- _RAW DATA_
┏━━
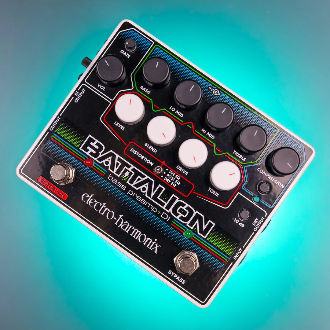 The Battalion Bass Preamp and DI is a compact, flexible pedal that delivers powerful tone shaping capabilities in a rugged pedalboard-friendly package. The Battalion is loaded with features that will appeal to tone conscious bass players and includes a four-band equalizer, fully-featured MOSFET distortion section with three signal path options, a compressor, a noise gate and comprehensive I/O.
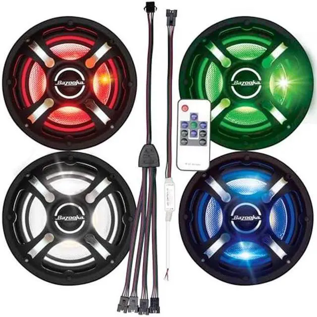 Bazooka | Marine Coax Speaker Kit | 4-Piece 6.5" LED Speakers | Plug-and-Play RGB LED Controller and Remote (4pc 6.5in Speakers) | MACBLED-KIT1
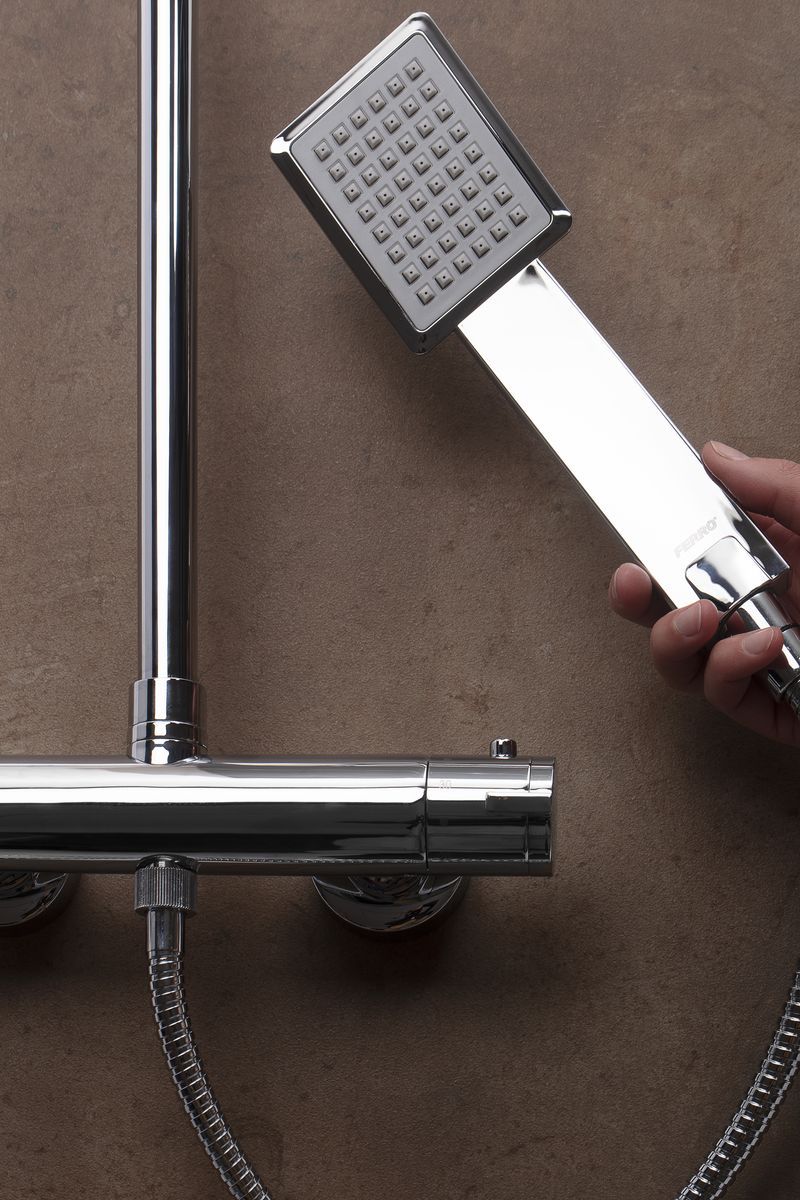 Сучасна душова кабіна, крім зручності ванни, повинна прикрашати інтер'єр ванної кімнати. Тому Ferro пропонує функціональні душові набори, оснащені термостатичними змішувачами, водозберігаючими елементами, а також приховані набори зі змішувачем і тропічним душем. Гарнітури з елегантними душовими лійками і душовими ручками геометричної або круглої форми, покриті блискучим хромованим покриттям, відмінно виглядають в сучасних душових кабінах.
┗━━
- _ASSIGNED TASK_
Please reproduce the listing exactly, leaving out any pictures.

- _YOUR RESPONSE_
 The Battalion Bass Preamp and DI is a compact, flexible pedal that delivers powerful tone shaping capabilities in a rugged pedalboard-friendly package. The Battalion is loaded with features that will appeal to tone conscious bass players and includes a four-band equalizer, fully-featured MOSFET distortion section with three signal path options, a compressor, a noise gate and comprehensive I/O.
 Bazooka | Marine Coax Speaker Kit | 4-Piece 6.5" LED Speakers | Plug-and-Play RGB LED Controller and Remote (4pc 6.5in Speakers) | MACBLED-KIT1
 Сучасна душова кабіна, крім зручності ванни, повинна прикрашати інтер'єр ванної кімнати. Тому Ferro пропонує функціональні душові набори, оснащені термостатичними змішувачами, водозберігаючими елементами, а також приховані набори зі змішувачем і тропічним душем. Гарнітури з елегантними душовими лійками і душовими ручками геометричної або круглої форми, покриті блискучим хромованим покриттям, відмінно виглядають в сучасних душових кабінах.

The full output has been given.